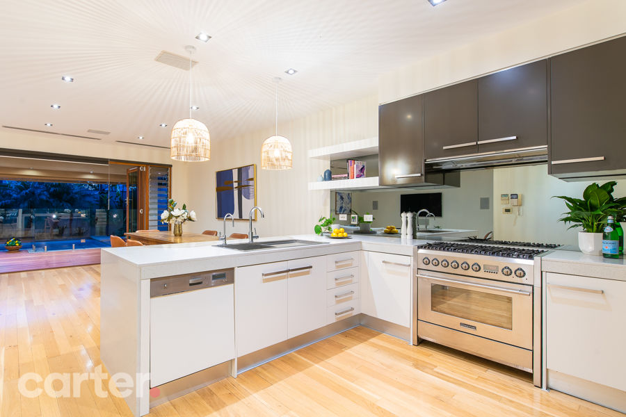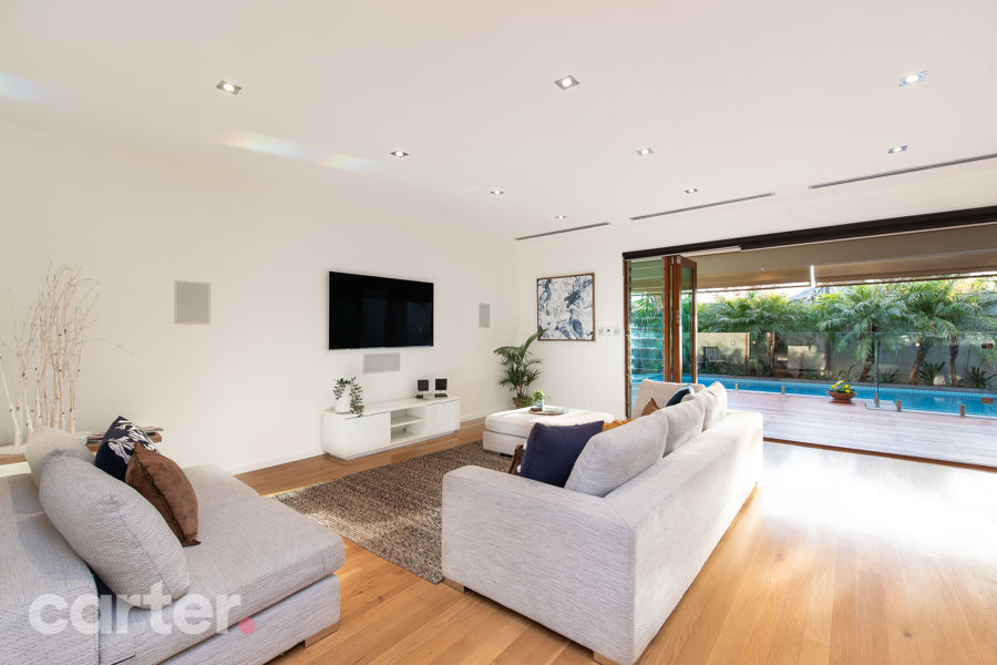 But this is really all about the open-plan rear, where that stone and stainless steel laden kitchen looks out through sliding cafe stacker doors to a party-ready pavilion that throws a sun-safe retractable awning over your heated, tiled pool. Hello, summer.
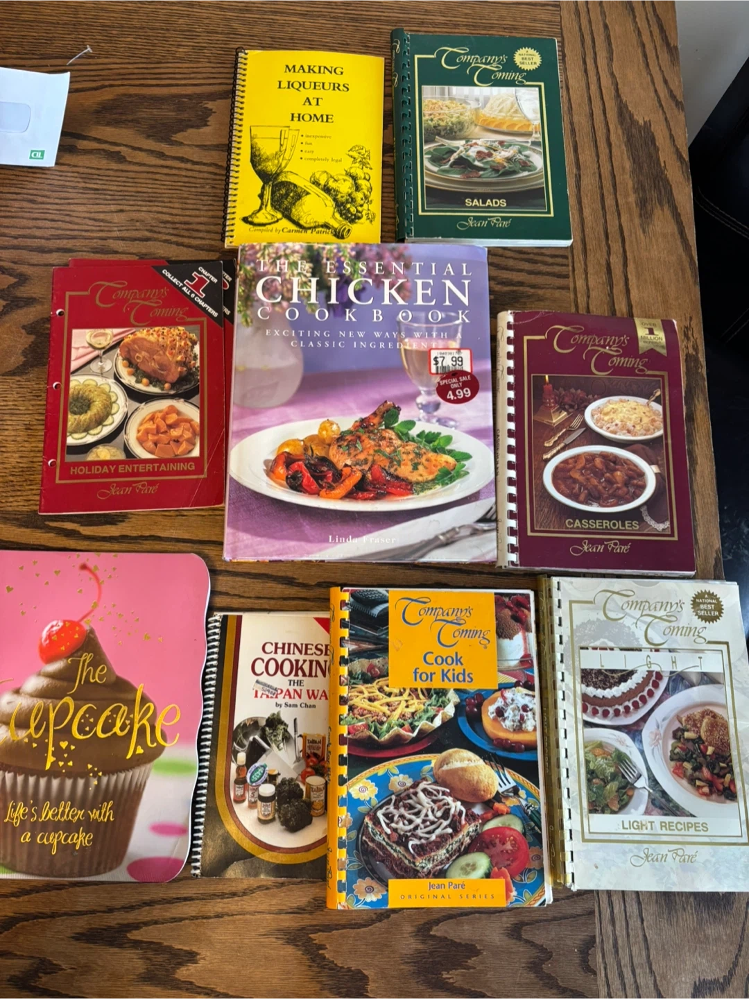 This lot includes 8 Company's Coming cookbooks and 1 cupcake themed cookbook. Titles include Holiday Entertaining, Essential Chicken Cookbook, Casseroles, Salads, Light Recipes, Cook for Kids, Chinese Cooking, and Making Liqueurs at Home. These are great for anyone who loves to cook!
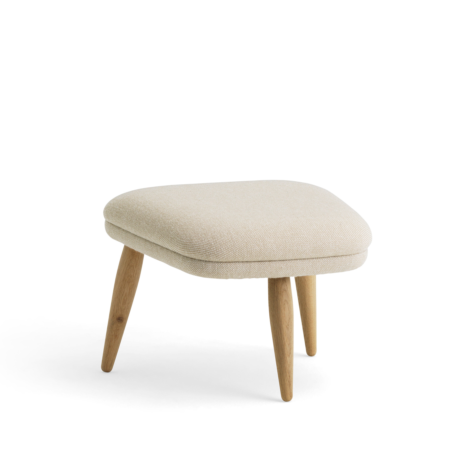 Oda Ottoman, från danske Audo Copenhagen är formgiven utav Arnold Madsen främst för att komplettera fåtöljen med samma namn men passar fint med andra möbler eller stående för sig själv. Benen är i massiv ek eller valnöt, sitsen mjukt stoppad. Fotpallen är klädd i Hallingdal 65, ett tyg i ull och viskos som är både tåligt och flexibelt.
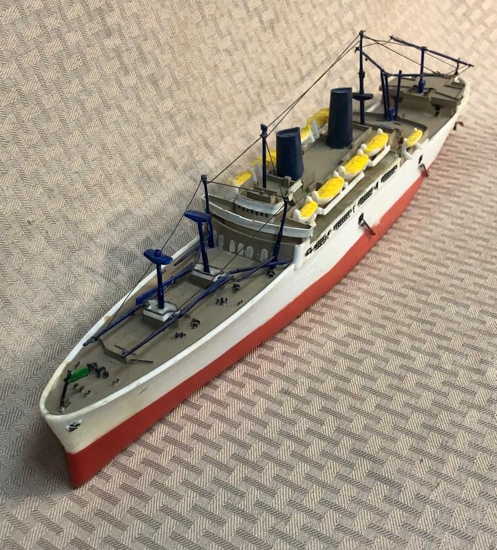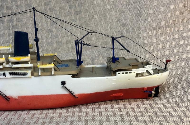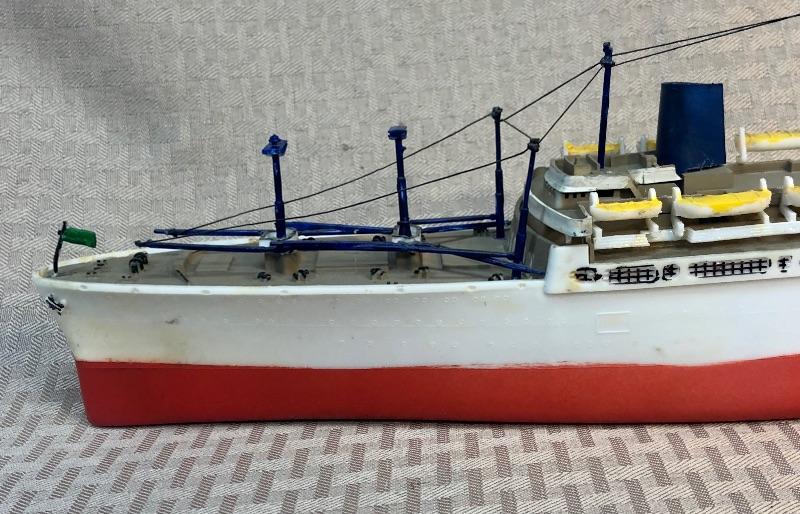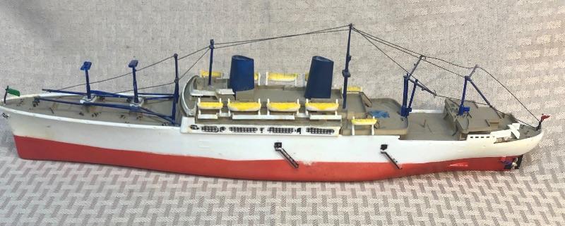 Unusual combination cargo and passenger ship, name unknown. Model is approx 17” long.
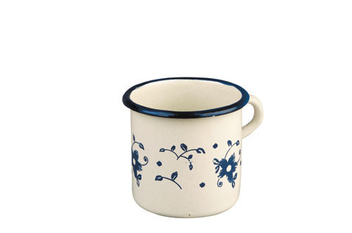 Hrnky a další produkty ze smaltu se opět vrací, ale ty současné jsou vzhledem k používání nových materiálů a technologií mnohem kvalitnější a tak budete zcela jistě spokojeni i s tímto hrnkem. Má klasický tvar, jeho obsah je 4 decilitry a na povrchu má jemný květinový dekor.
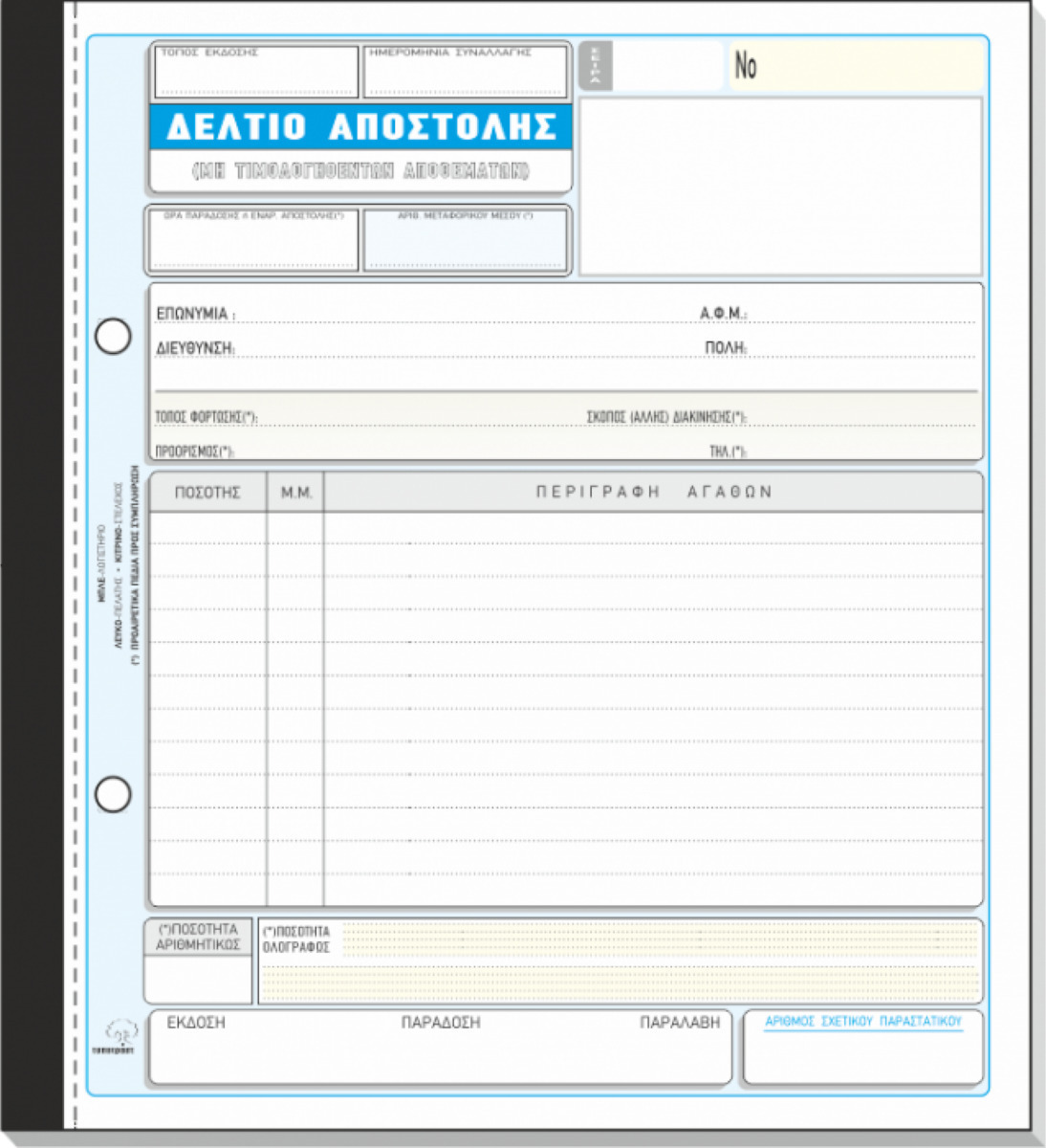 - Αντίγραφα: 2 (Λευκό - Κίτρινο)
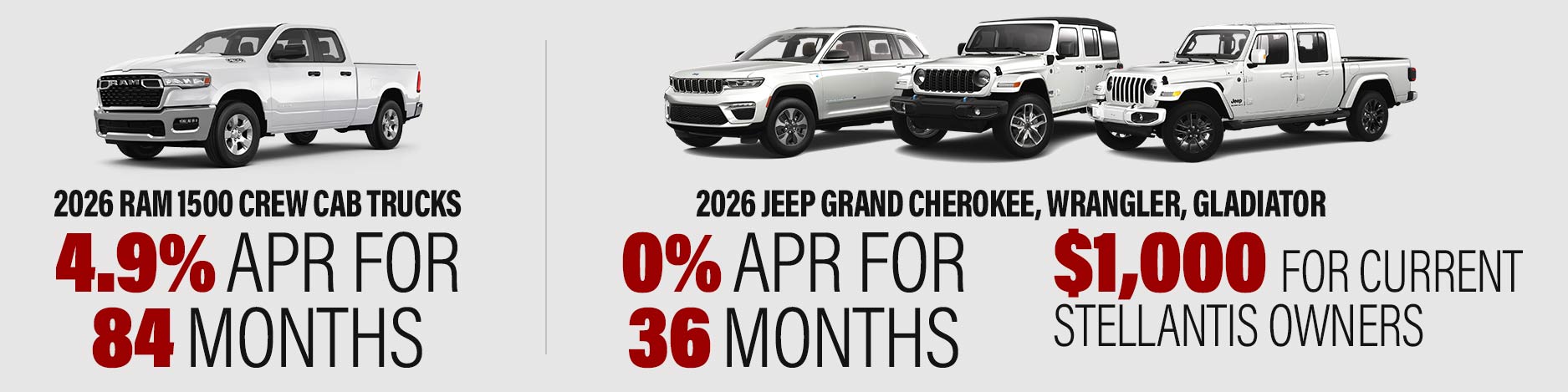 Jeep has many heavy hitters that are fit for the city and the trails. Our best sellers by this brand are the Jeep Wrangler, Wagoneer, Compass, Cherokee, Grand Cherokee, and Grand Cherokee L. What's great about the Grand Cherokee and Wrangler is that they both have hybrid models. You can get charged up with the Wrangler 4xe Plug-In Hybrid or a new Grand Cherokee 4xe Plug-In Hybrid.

__________

_Work task_
Give exactly those lines of the listing that run from its first line through the line with "- Αντίγραφα: 2 (Λευκό - Κίτρινο)", leaving each picture out.

_Answer section_
 But this is really all about the open-plan rear, where that stone and stainless steel laden kitchen looks out through sliding cafe stacker doors to a party-ready pavilion that throws a sun-safe retractable awning over your heated, tiled pool. Hello, summer.
 This lot includes 8 Company's Coming cookbooks and 1 cupcake themed cookbook. Titles include Holiday Entertaining, Essential Chicken Cookbook, Casseroles, Salads, Light Recipes, Cook for Kids, Chinese Cooking, and Making Liqueurs at Home. These are great for anyone who loves to cook!
 Oda Ottoman, från danske Audo Copenhagen är formgiven utav Arnold Madsen främst för att komplettera fåtöljen med samma namn men passar fint med andra möbler eller stående för sig själv. Benen är i massiv ek eller valnöt, sitsen mjukt stoppad. Fotpallen är klädd i Hallingdal 65, ett tyg i ull och viskos som är både tåligt och flexibelt.
 Unusual combination cargo and passenger ship, name unknown. Model is approx 17” long.
 Hrnky a další produkty ze smaltu se opět vrací, ale ty současné jsou vzhledem k používání nových materiálů a technologií mnohem kvalitnější a tak budete zcela jistě spokojeni i s tímto hrnkem. Má klasický tvar, jeho obsah je 4 decilitry a na povrchu má jemný květinový dekor.
 - Αντίγραφα: 2 (Λευκό - Κίτρινο)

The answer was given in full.